• _ASSIGNED TASK_
The answer should be an exact repeat of the stretch of material below from the line containing "이런 가운데 대기업까지" through the line containing "El futbolista no".

• _RECORDS TO PROCESS_

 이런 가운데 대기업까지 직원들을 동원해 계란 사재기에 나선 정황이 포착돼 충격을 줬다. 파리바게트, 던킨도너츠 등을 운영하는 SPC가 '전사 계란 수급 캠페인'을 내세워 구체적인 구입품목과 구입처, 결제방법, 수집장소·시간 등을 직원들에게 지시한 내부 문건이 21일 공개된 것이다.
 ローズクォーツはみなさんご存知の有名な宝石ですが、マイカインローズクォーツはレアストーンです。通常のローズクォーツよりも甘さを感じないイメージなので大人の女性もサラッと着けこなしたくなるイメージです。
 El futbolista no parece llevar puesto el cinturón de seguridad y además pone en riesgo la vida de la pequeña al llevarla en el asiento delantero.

==

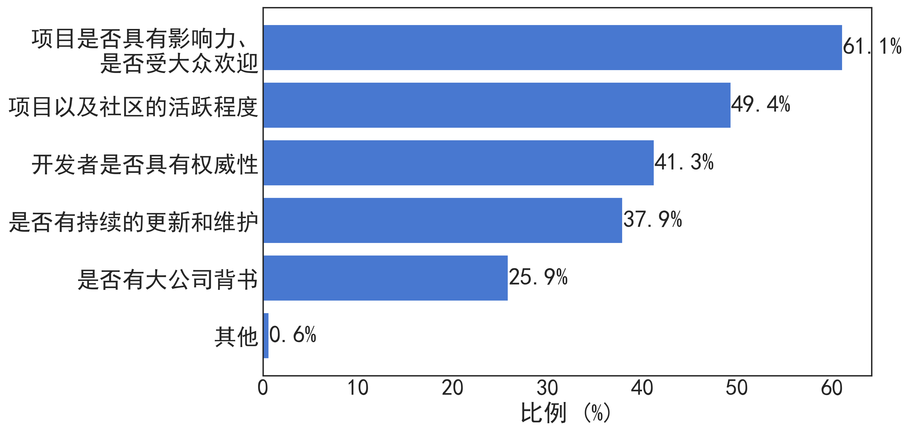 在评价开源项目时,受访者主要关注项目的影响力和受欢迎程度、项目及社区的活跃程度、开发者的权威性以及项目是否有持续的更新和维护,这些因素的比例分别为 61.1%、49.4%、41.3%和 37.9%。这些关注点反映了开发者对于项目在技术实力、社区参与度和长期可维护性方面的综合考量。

==

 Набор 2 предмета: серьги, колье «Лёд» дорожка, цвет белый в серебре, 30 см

• _RESULT_
 이런 가운데 대기업까지 직원들을 동원해 계란 사재기에 나선 정황이 포착돼 충격을 줬다. 파리바게트, 던킨도너츠 등을 운영하는 SPC가 '전사 계란 수급 캠페인'을 내세워 구체적인 구입품목과 구입처, 결제방법, 수집장소·시간 등을 직원들에게 지시한 내부 문건이 21일 공개된 것이다.
 ローズクォーツはみなさんご存知の有名な宝石ですが、マイカインローズクォーツはレアストーンです。通常のローズクォーツよりも甘さを感じないイメージなので大人の女性もサラッと着けこなしたくなるイメージです。
 El futbolista no parece llevar puesto el cinturón de seguridad y además pone en riesgo la vida de la pequeña al llevarla en el asiento delantero.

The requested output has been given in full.